That means the Abrahamic covenant is not dependent on Israel’s performance for its ultimate fulfillment. It is rooted in God’s faithfulness.

And what exactly is promised?

A specific land with boundaries. A literal nation from Abraham’s seed. A global blessing through Abraham’s seed.

So immediately we learn something. The Bible does not treat Israel as a vague symbol. It treats Israel as a real people group with real promises anchored in covenant.

THE LAND PROMISE DOES NOT DISAPPEAR AFTER DISOBEDIENCE:

One of the strongest passages is Deuteronomy 30.

Moses predicts Israel’s future failure, scattering, and exile. Then God says He will restore them.

Deuteronomy 30:1–5 teaches regathering language from the nations back into the land. This is national language. It is geographic language. It is not describing “going to heaven.” It is describing God bringing Israel back.

So even after God predicts their disobedience, He still speaks of future restoration.

THE DAVIDIC COVENANT: A THRONE, A KINGDOM, A FOREVER PROMISE

In 2 Samuel 7:12–16, God promises David a dynasty and an eternal throne.

This covenant is not just “a spiritual reign in hearts.” The language is kingship, throne, kingdom, and duration.

And the New Testament explicitly connects Jesus to this promise.

Luke 1:32–33 says Jesus will receive “the throne of His father David” and will reign over “the house of Jacob” forever. That is covenant language. That is Israel language. That is kingdom language.

THE NEW COVENANT: “WITH THE HOUSE OF ISRAEL AND THE HOUSE OF JUDAH”

Jeremiah 31:31–37 is the knockout passage that replacement theology struggles to survive.

God says He will make a new covenant “with the house of Israel and with the house of Judah.” He then describes national forgiveness, internal transformation, and covenant permanence.

Then God makes this argument: only if the fixed order of the sun, moon, and stars can be removed will Israel cease from being a nation before Him.

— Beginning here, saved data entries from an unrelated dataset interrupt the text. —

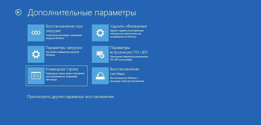 Есть и второй вариант проверки – через командную строку. Для этого вам необязательно запуска ОС с поддержкой командной строки. В уже знакомой вам ранее среде восстановления, где вы выбирали варианты загрузки, зайдите в раздел «Поиск и устранение неисправностей» -> «Дополнительные параметры» -> «Командная строка».
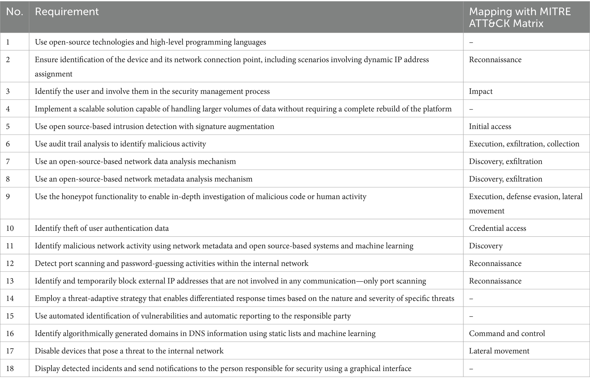 The requirements are also mapped to MITRE ATT&CK Matrix (ATT&CK, 2025). That shows that threats in 11 out of 14 categories are addressed. The main focus areas are Reconnaissance, Discovery, Exfiltration, and Execution in line with the priorities of the monitoring and response systems. The Resource Development, Persistence, and Impact are directly considered.
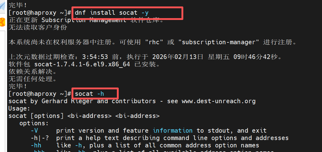 [root@haproxy ~]# socat -h #查看socat帮助手册(能查看到即安装成功)
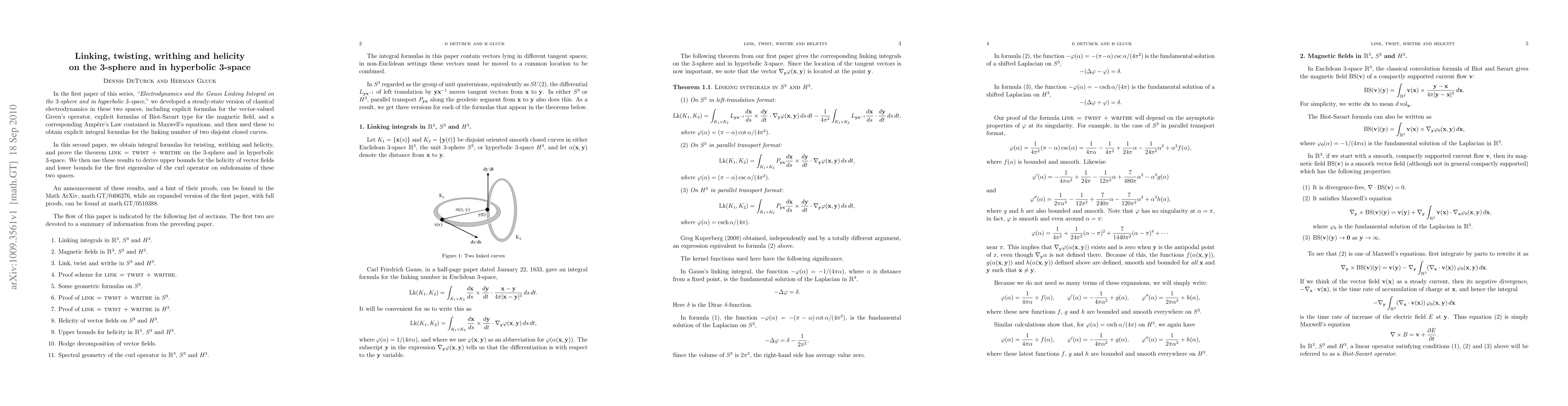 This paper provides integral formulas for twisting, writhing, and helicity in 3-sphere and hyperbolic 3-space, proving the LINK = TWIST + WRITHE theorem, and derives bounds for helicity and the first eigenvalue of the curl operator in these spaces.
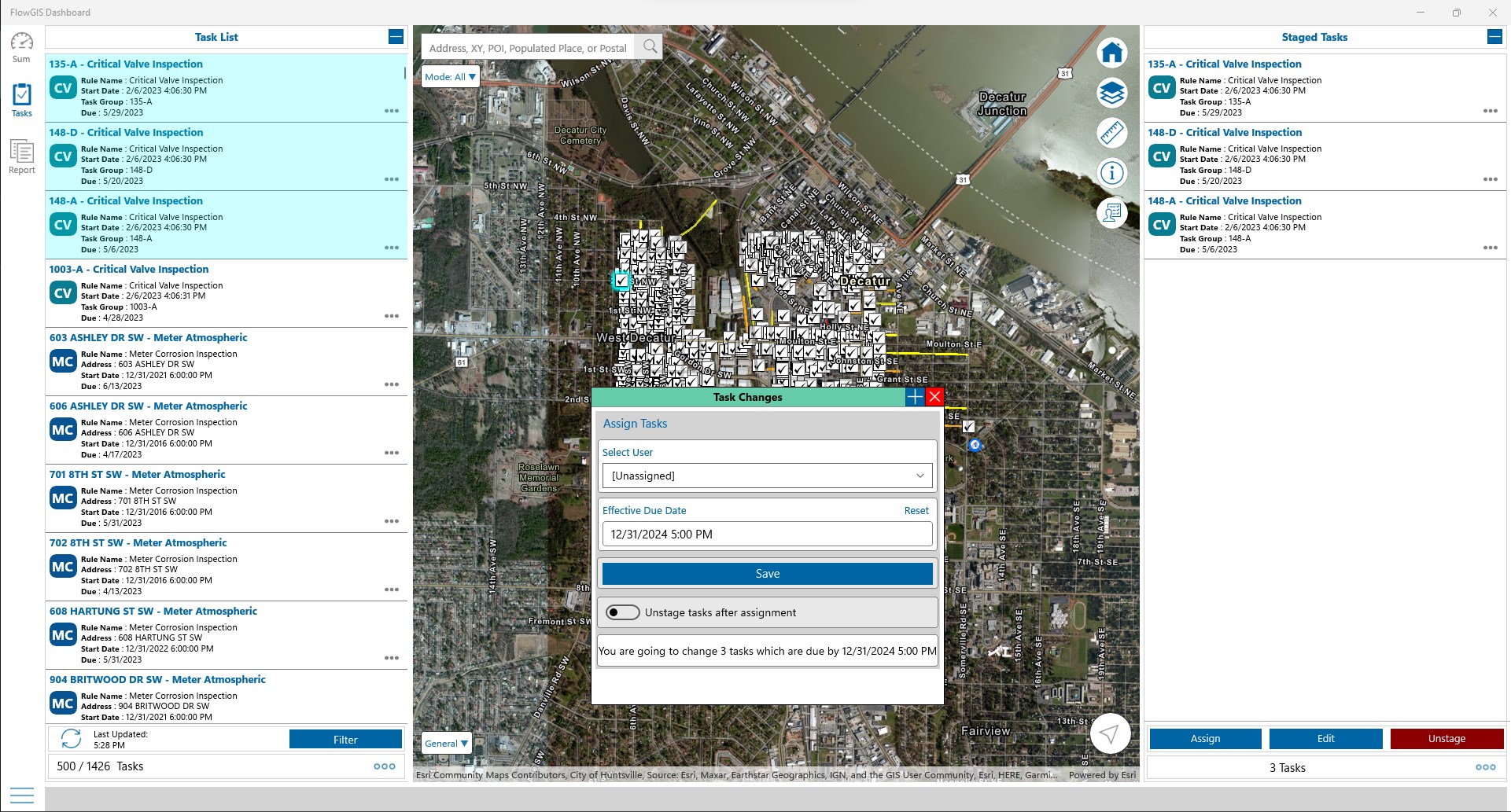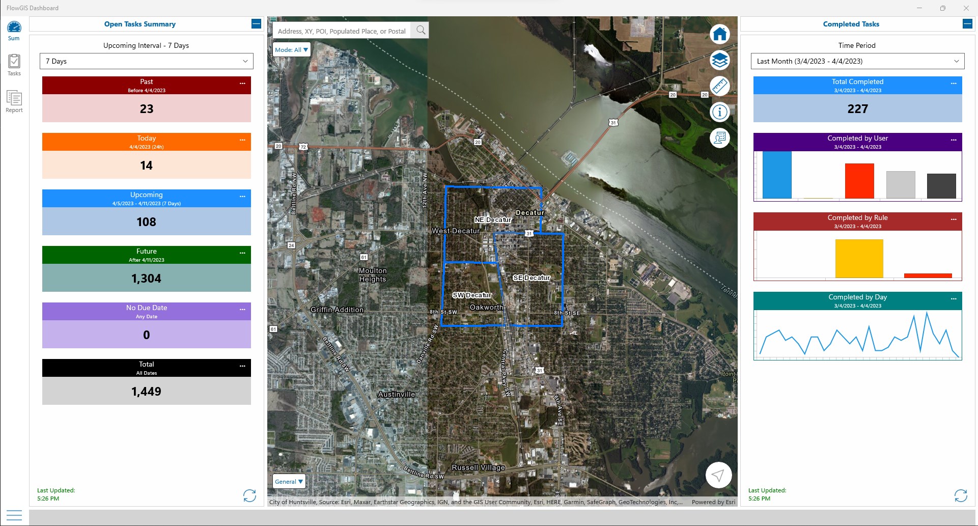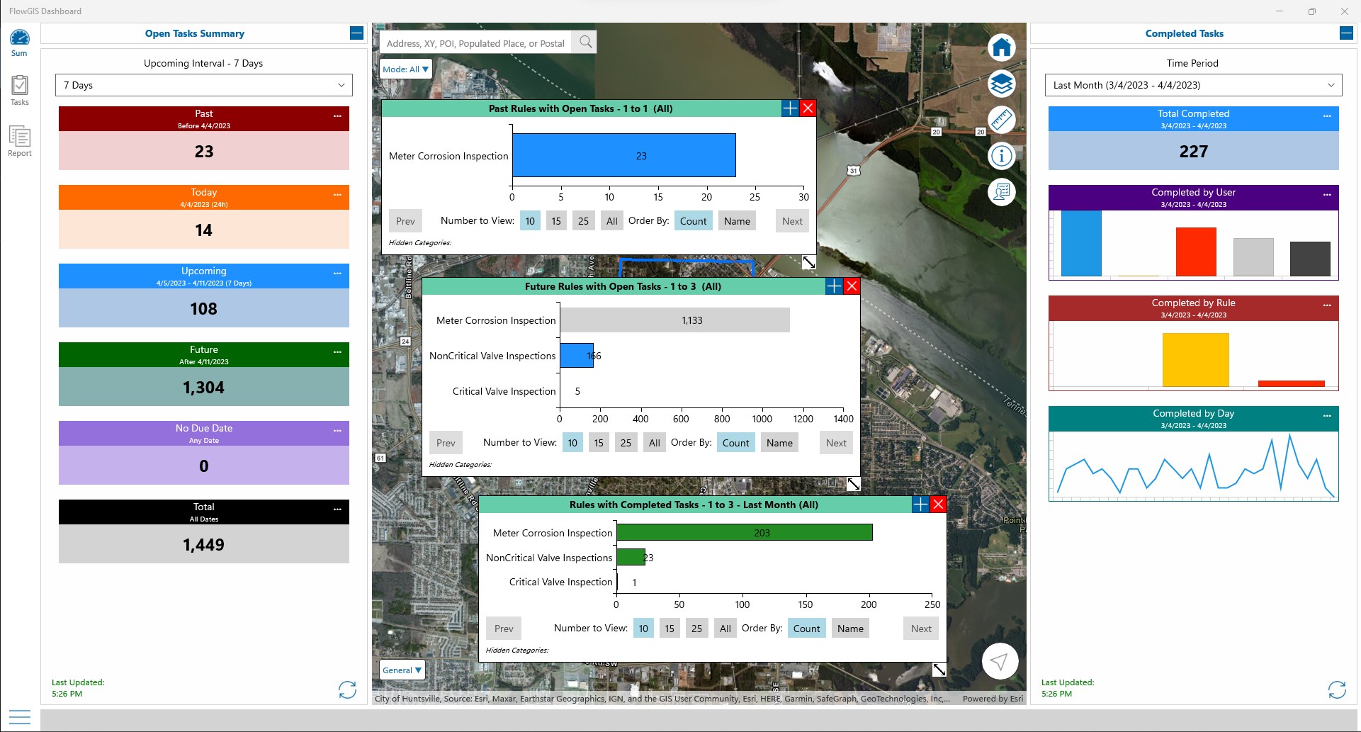 FlowGIS is a B2B GIS-centric solution for helping utility companies meet compliance requirements by providing tools to manage task planning/scheduling, field data collection, and reporting. FlowGIS Dashboard app allows users to manage task assignments, visualize workload, run reports, and monitor work progress in a map-centric environment.
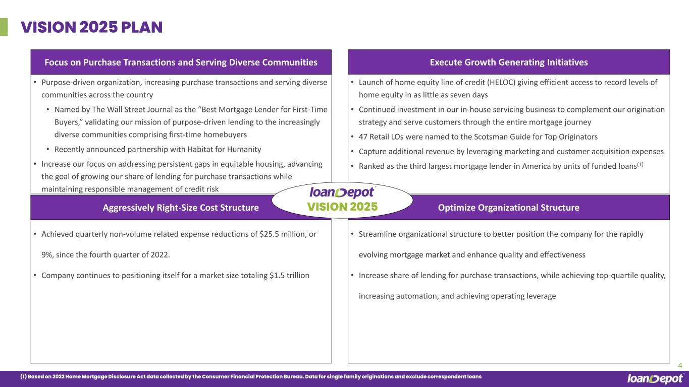 Our Vision 2025 plan is designed to address current and anticipated mortgage market conditions and position loanDepot for sustainable long-term value creation. We have achieved the following during the first quarter as it related to Vision 2025:
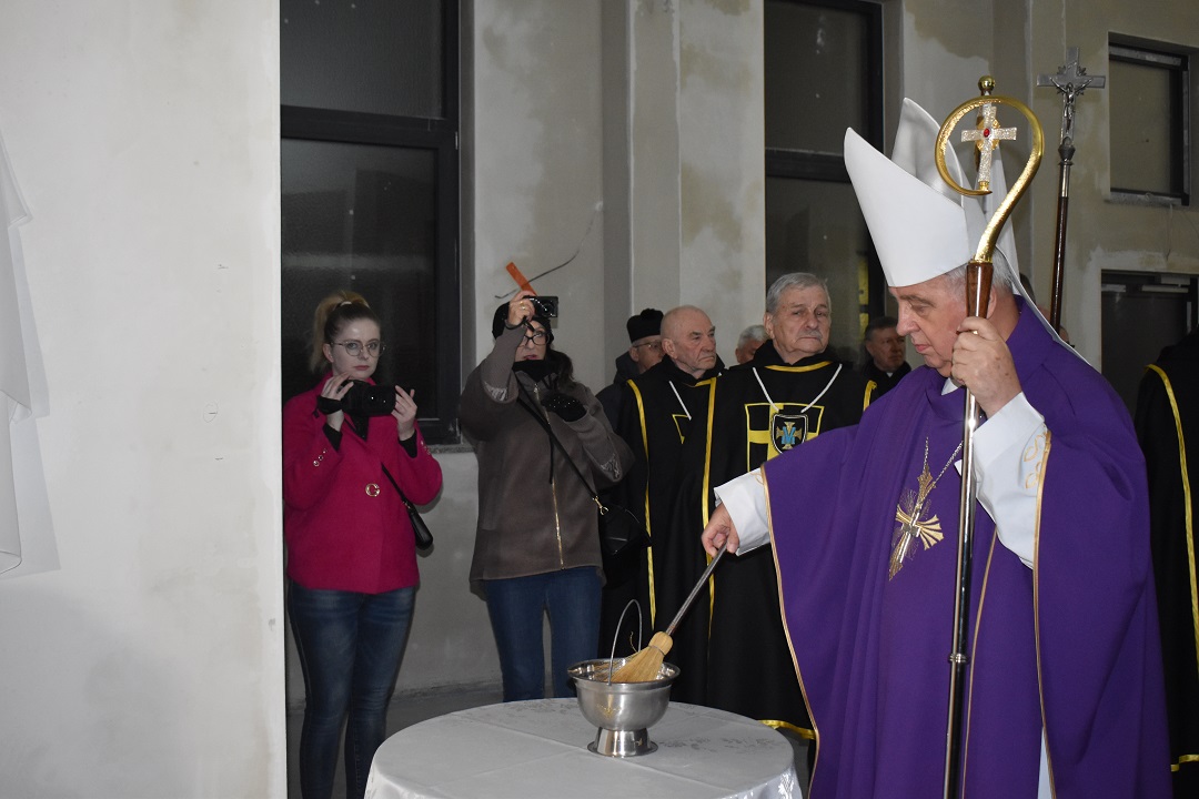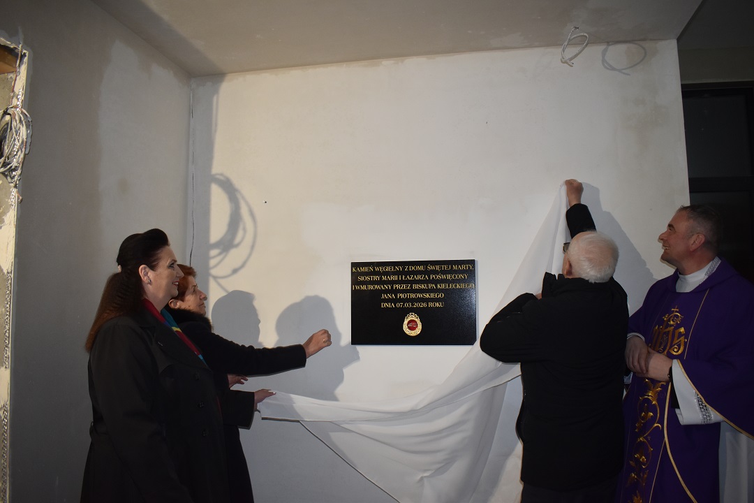Po Mszy Świętej, wierni i kapłani w uroczystej procesji przeszli do budynku nowego kościoła. Biskup Kielecki Jan Piotrowski poświęcił wmurowany kamień węgielny. Pochodzi on z Betanii w Ziemi Świętej.

That is not ambiguous. God anchors Israel’s continued national identity to the stability of creation.

If replacement theology says Israel is no longer a nation before God in covenant terms, then Jeremiah 31 has to be reinterpreted away from its plain meaning.

Now let’s move into the New Testament because this is where the whole debate gets decided.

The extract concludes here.